### YOUR TASK
Reproduce the full listing below unchanged, apart from the pictures.

### PROVIDED DATA
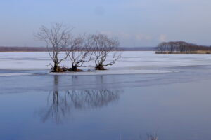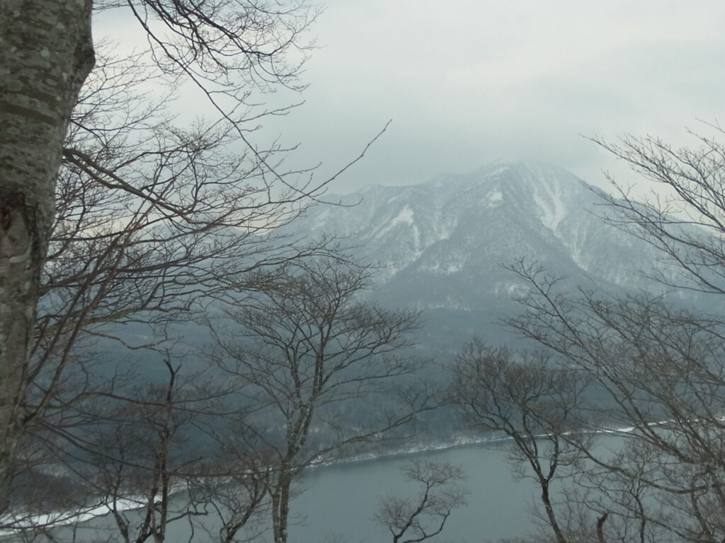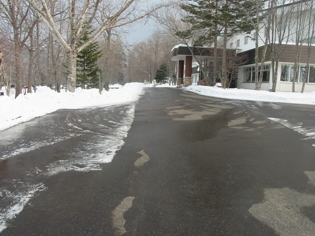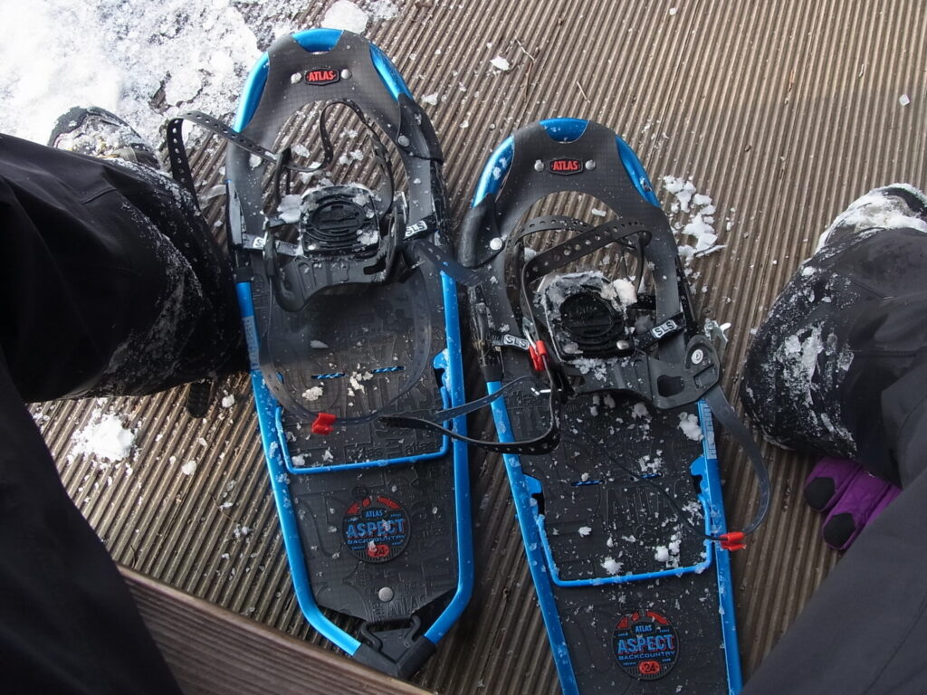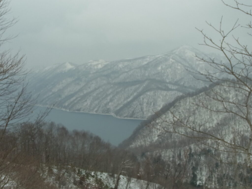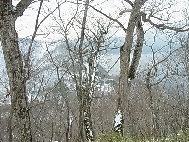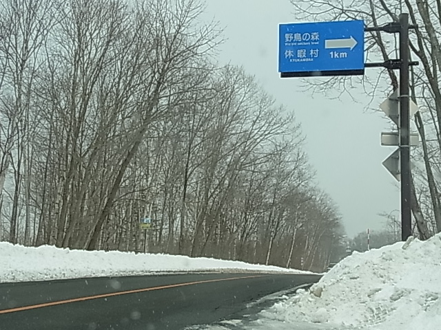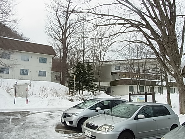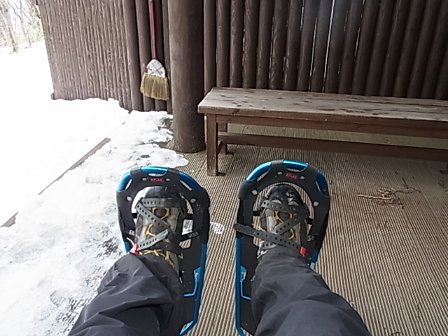 ▼休暇村支笏湖前の駐車場に停める。スノーシューを持って少し歩く。
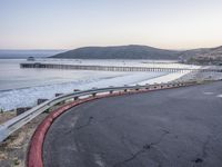 This breathtaking stock photo captures an empty highway near the ocean at dawn in California, USA. The stunning coastal scenery is accentuated by the presence of a pier near the water's edge, complete with a car parked on it. The architecture of the landscape is a visual delight, with the asphalt road curving gracefully along the shore. Lush trees dot the horizon, while magnificent mountains stand tall in the distance. The clear sky and calm sea create a serene atmosphere, making this image a perfect representation of the natural beauty that California has to offer. The road surface, bridge, and guard rail showcase the sturdy infrastructure of the area. Whether used for travel or recreation, this photo is a fantastic choice for projects related to transport, water resources, or any subject requiring the inclusion of a coastal setting. The jetty and pier are additional features that add interest and depth to the composition. Experience the sense of freedom and adventure that comes with venturing along this scenic thoroughfare. With its evocative atmosphere and rich details, this image is sure to enhance any creative project or design.
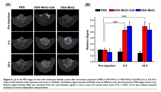 6 來自圖5a和5b:磁共振成像顯示注射NPs后膀胱癌區域的T1信號增強,且在pH 6.5時信號更強。研究意義是表明NPs能作為MRI對比劑,用于腫瘤診斷和治療監測。

### YOUR RESPONSE
 ▼休暇村支笏湖前の駐車場に停める。スノーシューを持って少し歩く。
 This breathtaking stock photo captures an empty highway near the ocean at dawn in California, USA. The stunning coastal scenery is accentuated by the presence of a pier near the water's edge, complete with a car parked on it. The architecture of the landscape is a visual delight, with the asphalt road curving gracefully along the shore. Lush trees dot the horizon, while magnificent mountains stand tall in the distance. The clear sky and calm sea create a serene atmosphere, making this image a perfect representation of the natural beauty that California has to offer. The road surface, bridge, and guard rail showcase the sturdy infrastructure of the area. Whether used for travel or recreation, this photo is a fantastic choice for projects related to transport, water resources, or any subject requiring the inclusion of a coastal setting. The jetty and pier are additional features that add interest and depth to the composition. Experience the sense of freedom and adventure that comes with venturing along this scenic thoroughfare. With its evocative atmosphere and rich details, this image is sure to enhance any creative project or design.
 6 來自圖5a和5b:磁共振成像顯示注射NPs后膀胱癌區域的T1信號增強,且在pH 6.5時信號更強。研究意義是表明NPs能作為MRI對比劑,用于腫瘤診斷和治療監測。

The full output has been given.